Inhibiteurs TDP1

Les inhibiteurs courants de la TDP1 comprennent, entre autres, le phosphate de clindamycine (U-28508E) CAS 24729-96-2, le topotécan CAS 123948-87-8, la camptothécine CAS 7689-03-4, l'étoposide (VP-16) CAS 33419-42-0 et l'olaparib CAS 763113-22-0.

Dans ce contexte, les inhibiteurs de la TDP1 sont des produits chimiques qui affectent indirectement la TDP1 en influençant les mécanismes de réparation de l'ADN et la réponse cellulaire aux dommages causés à l'ADN. La TDP1 joue un rôle crucial dans la réparation des lésions de l'ADN causées par des complexes topoisomérase-ADN piégés, et sa fonction est étroitement liée aux mécanismes cellulaires qui détectent les lésions de l'ADN et y répondent. Le topotécan et la camptothécine sont des inhibiteurs de la topoisomérase I, qui peuvent augmenter l'apparition de lésions de l'ADN dont la réparation nécessite l'intervention de la TDP1. En inhibant la topoisomérase I, ces médicaments augmentent indirectement la charge de substrat et la demande d'activité de la TDP1. L'étoposide, un inhibiteur de la topoisomérase II, modifie le paysage des lésions de l'ADN dans la cellule, ce qui pourrait avoir un impact sur les voies impliquées dans la TDP1.

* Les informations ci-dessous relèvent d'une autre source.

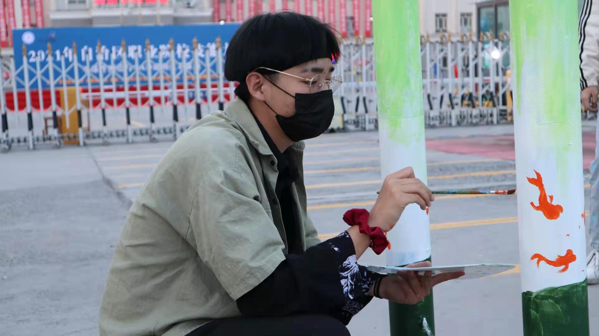 在分院教师周俞彤和陈峙米老师的带领下,数媒191和192班的同学们,拿起画笔,将心中的创意绘制在围栏上,绿色的叶片、湛蓝的天空、清澈的白云,每一幅画都生动有趣,将冷冰冰的栏杆变的生动有趣起来。即使颜料和尘土将同学们的衣服弄脏,也阻止不了同学们想要美化校园的心,保质保量完成了美化校园的任务。他们的脸上都露出了满意的笑容,看着自己的作品为美化校园做出的贡献,心里乐开了花。
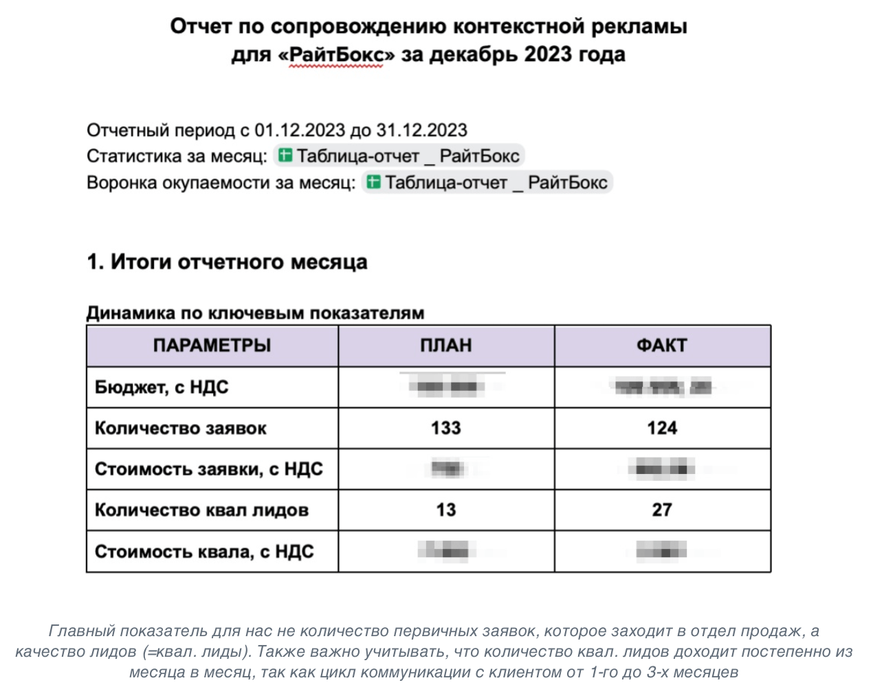 Каждый месяц делаем итоговый отчет о проделанной работе, полученных показателях и ставим план на следующий месяц по показателям и задачам, отталкиваясь от целей клиента по выручке и в целом по бизнесу.

Les inhibiteurs de la PARP tels que l'Olaparib et le Veliparib affectent la réparation des cassures simple brin de l'ADN, ce qui pourrait indirectement nécessiter l'activité de la TDP1 pour résoudre des scénarios complexes de lésions de l'ADN. Les inhibiteurs d'ATR et d'ATM, tels que VE-821 et KU-55933, modulent la réponse cellulaire aux lésions de l'ADN, influençant indirectement le rôle de TDP1 dans ces voies. NU7441 et Wortmannin, des inhibiteurs de DNA-PK, ont un impact sur les mécanismes de réparation des cassures double-brin de l'ADN, impliquant potentiellement TDP1 dans des voies de réparation alternatives. La mirine affecte MRE11, une protéine impliquée dans le traitement des cassures double-brin de l'ADN, ce qui pourrait nécessiter indirectement l'activité de TDP1. La caféine, connue pour ses effets étendus sur les voies de réponse aux dommages de l'ADN, pourrait influencer indirectement l'activité de la TDP1 par le biais de son impact sur ces voies. Enfin, l'hydroxyurée induit un stress de réplication, ce qui pourrait accroître la dépendance à l'égard de la TDP1 pour la résolution des lésions de l'ADN qui surviennent pendant le stress de réplication.